The exquisite palace of Glinda, over which Azarine was exclaiming at every step, was an old story to the Cowardly Lion. Throwing himself down on a huge bearskin, he soon was in a doze and making up the sleep he had lost on the two, previous nights. Wantowin Battles had at once gone off to waken an old Soldier Crony of his who drilled Glinda's Girl Guard, and the Scarecrow, about to follow the Wizard into the study, paused to look at the great record book.

This book, fastened with golden chains to a marble table in the reception room of the castle, records each event as it happens, in the Land of Oz. When Glinda goes on a journey, she usually locks the Record book and takes the key with her.
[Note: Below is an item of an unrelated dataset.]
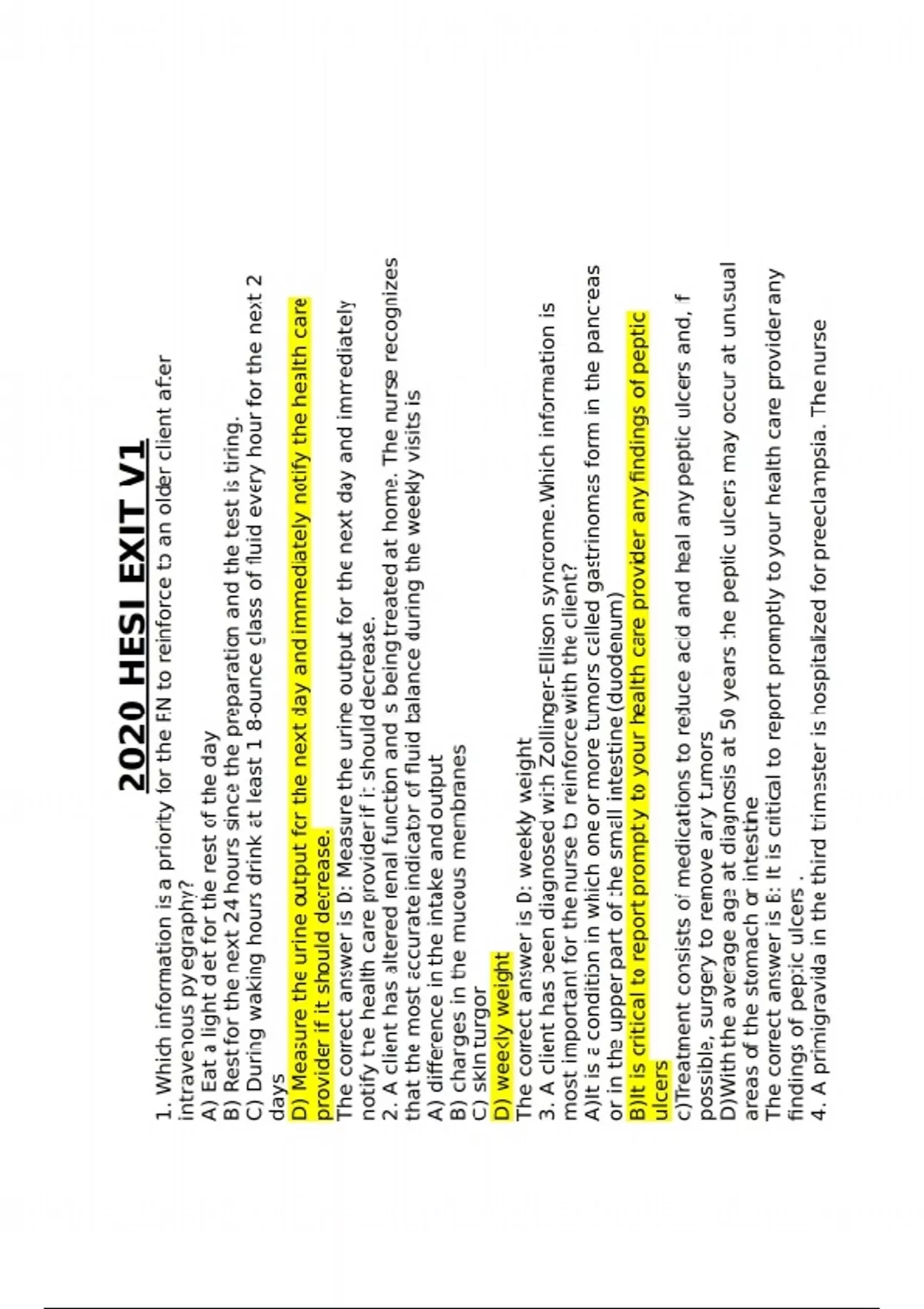 1. Which information is a priority for the RN to reinforce to an older client after intravenous pylegraphy? A) Eat a light diet for the rest of the day B) Rest for the next 24 hours since the preparation and the test is tiring. C) During waking hours drink at least 1 8-ounce glass of fluid every hour for the next 2 days D) Measure the urine output for the next day and immediately notify the health care provider if it should decrease. The correct answer is D: Measure the urine output for the next day and immediately notify the health care provider if it should decrease. 2. A client has altered renal function and is being treated at home. The nurse recognizes that the most accurate indicator of fluid balance during the weekly visits is A) difference in the intake and output B) changes in the mucous membranes C) skin turgor D) weekly weight The correct answer is D: weekly weight 3. A client has been diagnosed with Zollinger-Ellison syndrome.Which information is most important for the nurse to reinforce with the client? A)It is a condition in which one or more tumors called gastrinomas form in the pancreas or in the upper part of the small intestine (duodenum) B)It is critical to report promptly to your health care provider any findings of peptic ulcers c)Treatment consists of medications to reduce acid and heal any peptic ulcers and, if possible, surgery to remove any tumors D)With the average age at diagnosis at 50 years the peptic ulcers may occur at unusual areas of the stomach or intestine The correct answer is B: It is critical to report promptly to your health care provider any findings of peptic ulcers . 4. A primigravida in the third trimester is hospitalized for preeclampsia. The nurse determines that the client’s blood pressure is increasing. Which action should the nurse take first? A) Check the protein level in urine B) Have the client turn to the left side C) Take the temperature D) Monitor the urine output The correct answer is B: Have the client turn to the left side 5. The nurse is caring for a client in atrial fibrillation. The atrial heart rate is 250 and the ventricular rate is controlled at 75. Which of the following findings is cause for the most concern? A) Diminished bowel sounds B) Loss of appetite C) A cold, pale lower leg D) Tachypnea The correct answer is C: A cold, pale lower leg 6. The client with infective endocarditis must be assessed frequently by the home health nurse. Which finding suggests that antibiotic therapy is not effective, and must be reported by the nurse immediately to the healthcare provider? A) Nausea and vomiting B) Fever of 103 degrees Fahrenheit (39.5 degrees Celsius) C) Diffuse macular rash D) Muscle tenderness The correct answer is B: Fever of 103 degrees F (39.5 degrees C) 7. A client who had a vasectomy is in the post recovery unit at an outpatient clinic. Which of these points is most important to be reinforced by the nurse? A) Until the health care provider has determined that your ejaculate doesn't contain sperm, continue to use another form of contraception. B)This procedure doesn't impede the production of male hormones or the production of sperm in the testicles. The sperm can no longer enter your semen and no sperm are in your ejaculate. C) After your vasectomy, strenuous activity needs to be avoided for at least 48 hours. If your work doesn't involve hard physical labor, you can return to your job as soon as you feel up to it. The stitches generally dissolve in seven to ten days. D)The health care provider at this clinic recommends rest, ice, an athletic supporter or over-the-counter pain medication to relieve any discomfort. The correct answer is A: Until the health care provider has determined that your ejaculate doesn't contain sperm, continue to use another form of contraception. 8. A client who is to have antineoplastic chemotherapy tells the nurses of a fear of being sick all the time and wishes to try acupuncture. Which of these beliefs stated by the client would be incorrect about acupuncture? A)Some needles go as deep as 3 inches, depending on where they're placed in the body and what the treatment is for. The needles usually are left in for 15 to 30 minutes. B) In traditional Chinese medicine, imbalances in the basic energetic flow of life — known as qi or chi — are thought to cause illness. * C) The flow of life is believed to flow through major pathways or nerve clusters in your body. D) By inserting extremely fine needles into some of the over 400 acupuncture points in various combinations it is believed that energy flow will rebalance to allow the body's natural healing mechanisms to take over. The correct answer is C: The flow of life is believed to flow through major pathways or nerve clusters in your body. 9. The nurse is discussing with a group of students the disease Kawasaki. What statement made by a student about Kawasaki disease is incorrect? A)It also called mucocutaneous lymph node syndrome because it affects the mucous membranes (inside the mouth, throat and nose), skin and lymph nodes. B)In the second phase of the disease, findings include peeling of the skin on the hands and feet with joint and abdominal pain C)Kawasaki disease occurs most often in boys, children younger than age 5 and children of Hispanic descent D)Initially findings are a sudden high fever, usually above 104 degrees Fahrenheit, which lasts 1 to2 weeks The correct answer is C: Kawasaki disease occurs most often in boys, children younger than age 5 and children of Hispanic descent 10. A client has viral pneumonia affecting 2/3 of the right lung. What would be the best position to teach the client to lie in every other hour during first 12 hours after admission? A) Side-lying on the left with the head elevated 10 degrees B) Side-lying on the left with the head elevated 35 degrees C) Side-lying on the right wil the head elevated 10 degrees D) Side-lying on the right with the head elevated 35 degrees The correct answer is A: Side-lyi

But this time, she had neglected to do so, and sentences were popping up, row after row on the open pages. As he bent over to peruse the latest entry, the Scarecrow's painted blue eyes almost popped from his cotton head.

"Fierce Airlanders from the Upper Strat are descending on the Emerald City of Oz," read the Straw Man, nearly losing his balance. "If measures of defense are not taken at once, the capitol will fall under the fierce attack of the invaders!"

"Wiz! YO, WIZ!" yelled the Scarecrow, taking a furious slide into the study. "Hurry! HURRY! For the love of Oz, hurry—or Strut will blow Ozma's castle into the Strat! The Record Book says so!" he panted, grabbing the Wizard's arm to steady himself. The Wizard, working over the delicate apparatus on a long table, looked up with an anxious frown.